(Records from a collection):

================

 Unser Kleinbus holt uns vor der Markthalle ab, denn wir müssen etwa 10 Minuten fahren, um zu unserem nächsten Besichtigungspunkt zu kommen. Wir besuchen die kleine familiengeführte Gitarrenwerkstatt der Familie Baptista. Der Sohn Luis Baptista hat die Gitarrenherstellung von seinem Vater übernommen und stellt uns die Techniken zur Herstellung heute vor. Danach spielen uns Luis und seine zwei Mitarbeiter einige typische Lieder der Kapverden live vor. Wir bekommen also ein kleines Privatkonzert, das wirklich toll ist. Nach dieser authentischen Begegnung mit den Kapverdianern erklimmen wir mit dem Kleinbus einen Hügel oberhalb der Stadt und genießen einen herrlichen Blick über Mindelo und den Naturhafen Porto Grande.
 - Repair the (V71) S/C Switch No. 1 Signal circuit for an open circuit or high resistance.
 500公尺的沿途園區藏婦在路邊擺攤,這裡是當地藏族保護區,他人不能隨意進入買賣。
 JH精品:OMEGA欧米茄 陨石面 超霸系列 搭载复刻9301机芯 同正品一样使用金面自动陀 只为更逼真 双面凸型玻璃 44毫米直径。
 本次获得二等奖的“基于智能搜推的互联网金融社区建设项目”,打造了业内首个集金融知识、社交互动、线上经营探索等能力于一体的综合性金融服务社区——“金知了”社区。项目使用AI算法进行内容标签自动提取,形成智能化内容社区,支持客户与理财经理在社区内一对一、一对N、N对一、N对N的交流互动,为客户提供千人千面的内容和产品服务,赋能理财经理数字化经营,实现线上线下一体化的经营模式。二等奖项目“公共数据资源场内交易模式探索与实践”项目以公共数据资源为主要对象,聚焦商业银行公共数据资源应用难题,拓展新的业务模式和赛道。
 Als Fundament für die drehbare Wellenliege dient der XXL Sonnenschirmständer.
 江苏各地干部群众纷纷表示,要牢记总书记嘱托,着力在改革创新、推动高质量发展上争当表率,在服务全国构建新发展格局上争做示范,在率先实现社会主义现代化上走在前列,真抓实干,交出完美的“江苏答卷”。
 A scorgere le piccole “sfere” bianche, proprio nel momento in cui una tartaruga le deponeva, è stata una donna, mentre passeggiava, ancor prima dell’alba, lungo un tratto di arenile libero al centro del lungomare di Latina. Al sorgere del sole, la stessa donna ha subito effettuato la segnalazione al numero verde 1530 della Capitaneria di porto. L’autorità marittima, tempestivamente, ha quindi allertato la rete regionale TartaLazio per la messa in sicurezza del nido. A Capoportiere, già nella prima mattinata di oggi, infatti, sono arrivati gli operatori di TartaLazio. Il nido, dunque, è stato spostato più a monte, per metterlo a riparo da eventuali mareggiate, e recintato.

================

(What the task asks): Restate the data exactly, keeping every line intact.

(Exercise answer):
 Unser Kleinbus holt uns vor der Markthalle ab, denn wir müssen etwa 10 Minuten fahren, um zu unserem nächsten Besichtigungspunkt zu kommen. Wir besuchen die kleine familiengeführte Gitarrenwerkstatt der Familie Baptista. Der Sohn Luis Baptista hat die Gitarrenherstellung von seinem Vater übernommen und stellt uns die Techniken zur Herstellung heute vor. Danach spielen uns Luis und seine zwei Mitarbeiter einige typische Lieder der Kapverden live vor. Wir bekommen also ein kleines Privatkonzert, das wirklich toll ist. Nach dieser authentischen Begegnung mit den Kapverdianern erklimmen wir mit dem Kleinbus einen Hügel oberhalb der Stadt und genießen einen herrlichen Blick über Mindelo und den Naturhafen Porto Grande.
 - Repair the (V71) S/C Switch No. 1 Signal circuit for an open circuit or high resistance.
 500公尺的沿途園區藏婦在路邊擺攤,這裡是當地藏族保護區,他人不能隨意進入買賣。
 JH精品:OMEGA欧米茄 陨石面 超霸系列 搭载复刻9301机芯 同正品一样使用金面自动陀 只为更逼真 双面凸型玻璃 44毫米直径。
 本次获得二等奖的“基于智能搜推的互联网金融社区建设项目”,打造了业内首个集金融知识、社交互动、线上经营探索等能力于一体的综合性金融服务社区——“金知了”社区。项目使用AI算法进行内容标签自动提取,形成智能化内容社区,支持客户与理财经理在社区内一对一、一对N、N对一、N对N的交流互动,为客户提供千人千面的内容和产品服务,赋能理财经理数字化经营,实现线上线下一体化的经营模式。二等奖项目“公共数据资源场内交易模式探索与实践”项目以公共数据资源为主要对象,聚焦商业银行公共数据资源应用难题,拓展新的业务模式和赛道。
 Als Fundament für die drehbare Wellenliege dient der XXL Sonnenschirmständer.
 江苏各地干部群众纷纷表示,要牢记总书记嘱托,着力在改革创新、推动高质量发展上争当表率,在服务全国构建新发展格局上争做示范,在率先实现社会主义现代化上走在前列,真抓实干,交出完美的“江苏答卷”。
 A scorgere le piccole “sfere” bianche, proprio nel momento in cui una tartaruga le deponeva, è stata una donna, mentre passeggiava, ancor prima dell’alba, lungo un tratto di arenile libero al centro del lungomare di Latina. Al sorgere del sole, la stessa donna ha subito effettuato la segnalazione al numero verde 1530 della Capitaneria di porto. L’autorità marittima, tempestivamente, ha quindi allertato la rete regionale TartaLazio per la messa in sicurezza del nido. A Capoportiere, già nella prima mattinata di oggi, infatti, sono arrivati gli operatori di TartaLazio. Il nido, dunque, è stato spostato più a monte, per metterlo a riparo da eventuali mareggiate, e recintato.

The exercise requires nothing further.